#### [WHAT YOU SHOULD DO]
The pictures are to be left out, and all remaining data is to be transcribed exactly as it appears.

*** EXERCISE MATERIAL ***

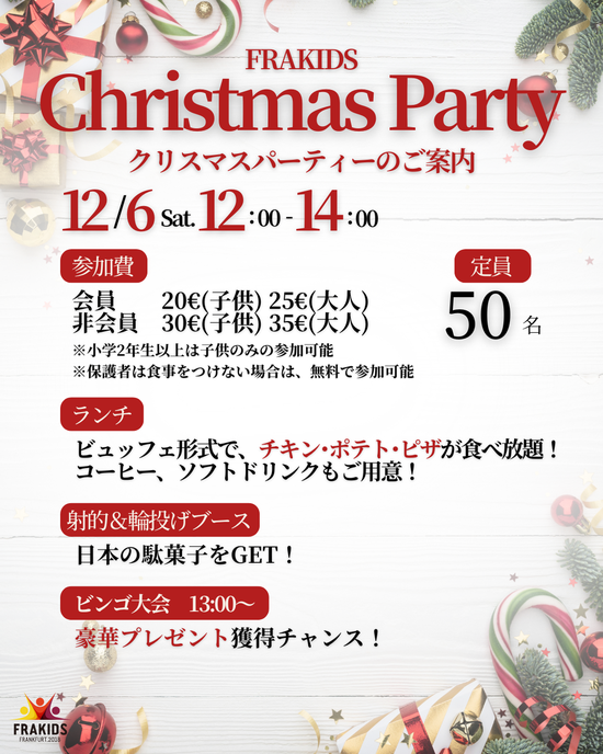 ・クラブの事情などによりスケジュールが変更またはイベントが中止になる場合がございます。その場合はTeamHub、公式LINE、FRAKIDS HPのイベントページにてご連絡させていただきます。
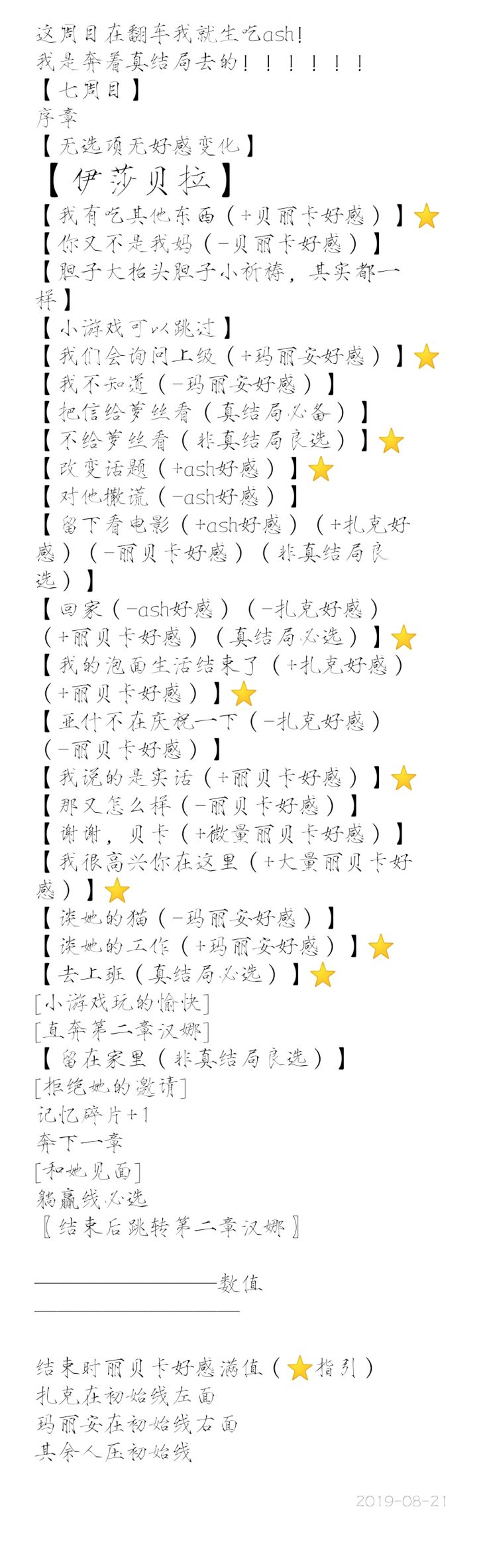 首先呢这份真结局达成攻略只对于打出自己想要的结局后,想探索一下最后真相的玩家们🏁新着手的玩家不建议浏览!!首先既然你看了这个攻略,应该已经把游戏玩的差不多了,我先说一下大概思路①我们的贝拉 贝卡扎哥都要和ash保持很高好感度。(这里不一定要满,但一定要高)②我们的贝卡要和luke保持很高的好感动。③在汉娜篇,我们要让luke把汉娜杀掉。(具体如何杀掉一会会说)。④人员存亡情况是ash死(
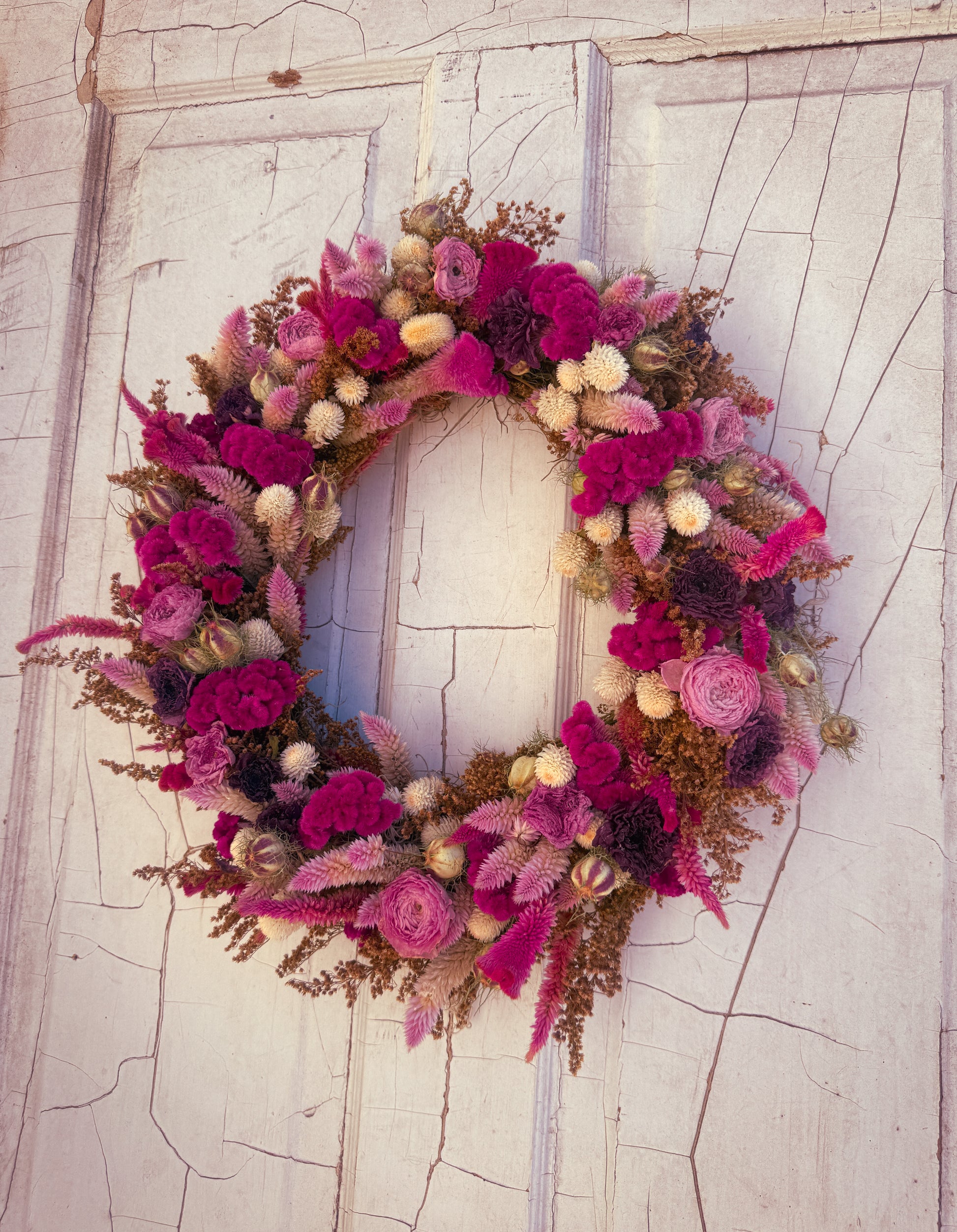 Wreaths are one of a kind and made with flowers that were locally grown, harvested, dried and arranged. They are fragile but can last for years and years with the proper care. Recommend hanging inside for your enjoyment 🖤
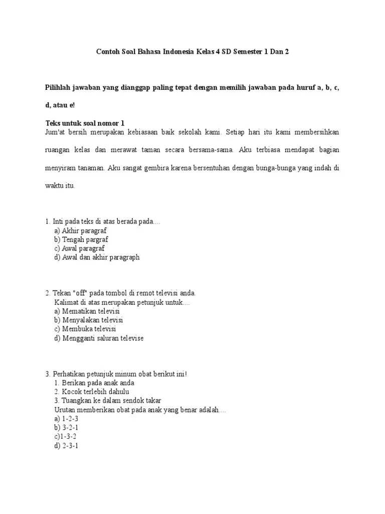 Berilah tanda silang (x) pada huruf a, b, c dan d pada jawaban yang paling benar! Contoh soal uas bahasa indonesia kelas iv sd/mi lengkap dengan jawabannya. Berilah tanda silang (x) pada huruf a, b atau c pada jawaban yang benar! Artikel soal bahasa indonesia kelas 4 untuk sd/mi semester 1/2, pada tahun 2021 lengkap soal pg dan essay, serta dengan kunci jawaban nya. Pikiran pokok paragraf pertama pada bacaan di atas adalah.
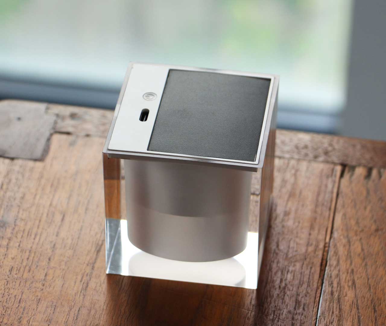 本体底面にはソーラーパネルとON / OFFのメインスイッチ、USB Type-Cポートを設置。機能性を備えながらも、シンプルで洗練されたフォルムを損なわないデザインに仕上げています。空間に自然と溶け込み、使う場所を選びません。

*** End of EXERCISE MATERIAL ***

#### [ANSWER BOX]
 ・クラブの事情などによりスケジュールが変更またはイベントが中止になる場合がございます。その場合はTeamHub、公式LINE、FRAKIDS HPのイベントページにてご連絡させていただきます。
 首先呢这份真结局达成攻略只对于打出自己想要的结局后,想探索一下最后真相的玩家们🏁新着手的玩家不建议浏览!!首先既然你看了这个攻略,应该已经把游戏玩的差不多了,我先说一下大概思路①我们的贝拉 贝卡扎哥都要和ash保持很高好感度。(这里不一定要满,但一定要高)②我们的贝卡要和luke保持很高的好感动。③在汉娜篇,我们要让luke把汉娜杀掉。(具体如何杀掉一会会说)。④人员存亡情况是ash死(
 Wreaths are one of a kind and made with flowers that were locally grown, harvested, dried and arranged. They are fragile but can last for years and years with the proper care. Recommend hanging inside for your enjoyment 🖤
 Berilah tanda silang (x) pada huruf a, b, c dan d pada jawaban yang paling benar! Contoh soal uas bahasa indonesia kelas iv sd/mi lengkap dengan jawabannya. Berilah tanda silang (x) pada huruf a, b atau c pada jawaban yang benar! Artikel soal bahasa indonesia kelas 4 untuk sd/mi semester 1/2, pada tahun 2021 lengkap soal pg dan essay, serta dengan kunci jawaban nya. Pikiran pokok paragraf pertama pada bacaan di atas adalah.
 本体底面にはソーラーパネルとON / OFFのメインスイッチ、USB Type-Cポートを設置。機能性を備えながらも、シンプルで洗練されたフォルムを損なわないデザインに仕上げています。空間に自然と溶け込み、使う場所を選びません。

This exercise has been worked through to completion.